# What the task asks
Return the data below unaltered, but strip out the pictures.

# Given information
_ _ _ _

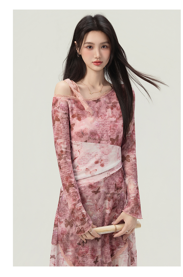 2026 여름 새로운 프랑스식 핑크색 꽃무늬 레이스 드레스 여성 의류 고급 센스 품격 허리 수축 치마
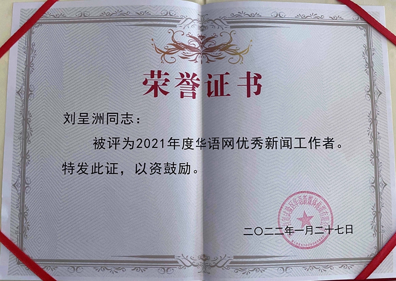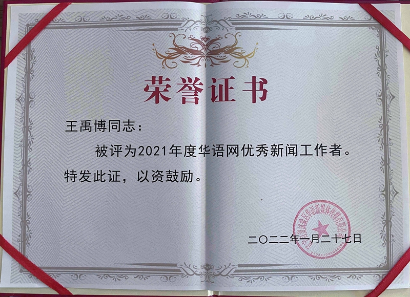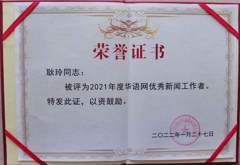 欧亚通讯社电(记者 耿玲)2021年,是平凡而伟大的一年,在全球新冠疫情下,中国疫情得到有效防控,经济稳定向好发展,作为新闻媒体,在做好本职工作的同时,更应为社会乃至国家的稳定发展贡献微薄之力,保驾护航。2022年1月28日上午,华语网召开的年终总结会,并为表现突出的耿玲、王禹博、刘呈洲三人,颁发了2021年度优秀新闻工作者荣誉证书,由李传军主任颁奖。
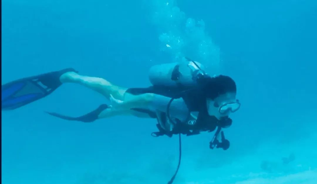 最近我迷上了潜水,一项高难度高风险的极限运动。潜水班里数我年龄最大。那有什么?当我和年轻人一起,在17度的低温下深潜下去,在海底找飞机残骸,和鱼群嬉戏,倒着看世界…别提有多开心了。

_ _ _ _

# Written response
 2026 여름 새로운 프랑스식 핑크색 꽃무늬 레이스 드레스 여성 의류 고급 센스 품격 허리 수축 치마
 欧亚通讯社电(记者 耿玲)2021年,是平凡而伟大的一年,在全球新冠疫情下,中国疫情得到有效防控,经济稳定向好发展,作为新闻媒体,在做好本职工作的同时,更应为社会乃至国家的稳定发展贡献微薄之力,保驾护航。2022年1月28日上午,华语网召开的年终总结会,并为表现突出的耿玲、王禹博、刘呈洲三人,颁发了2021年度优秀新闻工作者荣誉证书,由李传军主任颁奖。
 最近我迷上了潜水,一项高难度高风险的极限运动。潜水班里数我年龄最大。那有什么?当我和年轻人一起,在17度的低温下深潜下去,在海底找飞机残骸,和鱼群嬉戏,倒着看世界…别提有多开心了。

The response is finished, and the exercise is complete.